OK, thanks, sounds good.

Richard

RE: [PATCH] [RFC] lower SLP load permutation to interleaving

[Tamar Christina]

> -----Original Message-----
> From: Richard Biener <rguenther@suse.de>
> Sent: Tuesday, June 4, 2024 3:33 PM
> To: gcc-patches@gcc.gnu.org
> Cc: Richard Sandiford <Richard.Sandiford@arm.com>; Tamar Christina
> <Tamar.Christina@arm.com>
> Subject: [PATCH] [RFC] lower SLP load permutation to interleaving
> 
> The following emulates classical interleaving for SLP load permutes
> that we are unlikely handling natively.  This is to handle cases
> where interleaving (or load/store-lanes) is the optimal choice for
> vectorizing even when we are doing that within SLP.  An example
> would be
> 
> void foo (int * __restrict a, int * b)
> {
>   for (int i = 0; i < 16; ++i)
>     {
>       a[4*i + 0] = b[4*i + 0] * 3;
>       a[4*i + 1] = b[4*i + 1] + 3;
>       a[4*i + 2] = (b[4*i + 2] * 3 + 3);
>       a[4*i + 3] = b[4*i + 3] * 3;
>     }
> }
> 
> where currently the SLP store is merging four single-lane SLP
> sub-graphs but none of the loads in it can be code-generated
> with V4SImode vectors and a VF of four as the permutes would need
> three vectors.
> 
> The patch introduces a lowering phase after SLP discovery but
> before SLP pattern recognition or permute optimization that
> analyzes all loads from the same dataref group and creates an
> interleaving scheme starting from an unpermuted load.
> 
> What can be handled is quite restrictive, matching only a subset
> of the non-SLP interleaving cases (the power-of-two group size
> ones, in addition only cases without gaps).  The interleaving
> vectorization in addition can handle size 3 and 5 - but I am not
> sure if it's possible to do that in a VL agnostic way.  It
> should be still possible to set up the SLP graph in a way that
> a load-lane could be matched from SLP pattern recognition.
> 
> As said gaps are currently not handled - for SLP we have a
> representational issue that SLP_TREE_SCALAR_STMTS for "gap lanes"
> would need to be filled in some way (even if we just push NULL).
> 
> The patch misses multi-level even/odd handling as well as CSEing
> intermediate generated permutes.  Both is quite straight-forward
> to add, but eventually there's a better or more general strategy
> for lowering?  The main goal of the patch is to avoid falling
> back to non-SLP for cases the interleaving code handles.

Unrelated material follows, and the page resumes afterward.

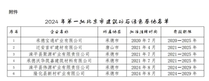 據(jù)悉,該基地主要是保障北京市建設(shè)工程建材供應(yīng),是經(jīng)承德市人民政府推薦、相關(guān)部門和單位研究并報(bào)請(qǐng)市政府同意,確認(rèn)承德寶通礦業(yè)有限公司、遷安首礦建材有限公司、灤平縣聚源礦業(yè)有限責(zé)任公司、承德沃華筑嘉建筑材料有限公司、灤平縣偉源礦業(yè)有限責(zé)任公司、隆化縣新村礦業(yè)有限公司為“北京市建筑砂石綠色基地”。

I guess not handling CSEing the intermediate permutes only really
matter for pattern matching? Those could be eliminated in optimize_slp?

> 
> Comments and suggestions welcome, esp. what representation
> you'd think is suitable for SLP pattern matching to
> load/store-lane and how to represent that?  Maybe this lowering
> should happen directly in vect_lower_load_permutations?

I like this representation personally, I'd say having the permute explicit,
at least until optimize_slp would make pattern matching easier.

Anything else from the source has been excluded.